Planning Application For 3,200 New Homes In Calderdale

Part of the Woodhouse Garden Village site, Brighouse

It's the first phase of Calderdale Council's 'Local Plan'.

Planning applications for the first of more than 3,200 homes in two giant Garden Suburbs at Brighouse could be submitted before the end of this year.

The first phase of hearings into Calderdale’s Local Plan heard plans for the first 200 of homes at Woodhouse and a similar number for Thornhills would be submitted to Calderdale Council soon.

But community groups and others said an important part seemed to be missing in the discussion – people.

Council planning lead Richard Seaman told the hearing, held before Inspector Katie Child at Shelf Village Hall, that progress was being made over the two Garden Suburbs which are a key part of Calderdale’s Local Plan.

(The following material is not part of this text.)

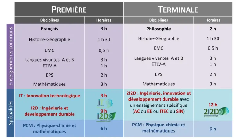 Mathématiques, Physique-Chimie, Français, Histoire-Géographie, Langues vivantes (LV1 & LV2), EPS, auxquels s’ajoutent des enseignements technologiques spécifiques.
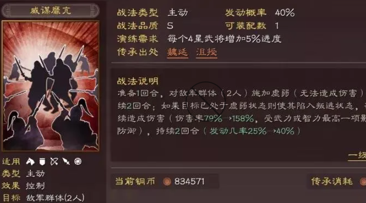 战法搭配需围绕治疗与减伤双核心展开。首选御敌屏障在前四回合提供稳定减伤,与自带战法形成双重防护。暂避其锋能有效保护主C武将,而刮骨疗毒可补充单体急救能力。若追求功能全面性,威谋靡亢的虚弱效果能显著降低敌方输出上限。注意避免选择发动条件苛刻的战法,50%概率的胡笳余音已需要足够战法点支撑。

The hearings are intended to test the soundness of the plan, which will identify land where businesses and an estimated 12,600 homes – around 9,600 when sites which currently have planning permission but have not yet been developed are taken into account – can be situated in Calderdale by 2032.

Pre-planning discussions had been taken place and Mr Jonathan Dunbavin, of ID Planning, which is representing landowners who own the majority of both sites, said the aim to have the first phase ready for submission pending approval of the Local Plan.

“I believe we could have the first phase commencing development in 2020-21,” he said.

However Robert Bamforth of the Campaign for the Protection of Rural England said discussions omitted an important factory – people who lived near the sites and the effect the plans would have on them.

And Tony Perryman of Clifton Village Neighbourhood Forum, told the hearing of infrastructure concerns particularly if highway improvement plans were not delivered on time, which residents believed would lead to even more traffic congestion in an area already subject to poor air quality.

“The people I represent are genuinely concerned about some of the issues discussed here today.

“I know it is a highly emotional response, but sometimes people do matter.

“The purpose of the Local Plan is to improve the lot of the people of Calderdale as a whole and there are communities in Brighouse who will sustain large developments as a consequence of this Local Plan – probably about 50 per cent of development in Calderdale – and their voice needs to be heard,” he said.


The Thornhills Garden Village site, Brighouse

But council programme manager Richard Spensley said extensive consultation had been carried out which would inform Masterplanning for the sites going forward.

Mr Spensley also fended off criticism from representatives of housing concerns who doubted delivery times particularly as they were dependent on major transport infrastructure.

Andrew Rose, of Spawforth Associates, representing Keyland Developmens Ltd, questioned levels of funding for highway infrastructure – £52 million from the West Yorkshire Transport Plus programme, which is managed by the West Yorkshire Combined Authority – and told the inquiry: “You do wonder whether that scheme is feasible.”

Mr Spensley said the council had a strong record of delivering these type of schemes on time and in budget, and this would be no different, a view also emphasised by Mr Seaman who said doubting the feasability was “fundamentally wrong.”

A statement of common ground between ID Homes and the council, published on the council’s website with other plan documents, says the first phase of 1,257 homes planned for the Woodhouse site are already being marketed through Savills with Redrow Homes selected as preferred developer and building rate varying from around 40 homes in the first year to a maximum of 125 homes per year by 2030-31.

A similar document for Thornhills, where 1,998 homes are ultimately envisaged by 2032, with Bellway Homes as preferred developer, says homes would be developed at a similar rate.

In the case of both sites 680 new homes at each could be developed by 2026-27 before major interventions in the highways network became necessary, says the statement.

The inspector’s job is to rule whether or not the Local Plan as a whole is sound – if it is, it could be adopted before the New Year.

Government has told all local authorities they must develop a plan to meet need it has estimated.

Suitability of individual sites will be more fully addressed in phase two of the hearings, unlikely to be held before November.

The phase one hearings continue from Wednesday (3/7) this week.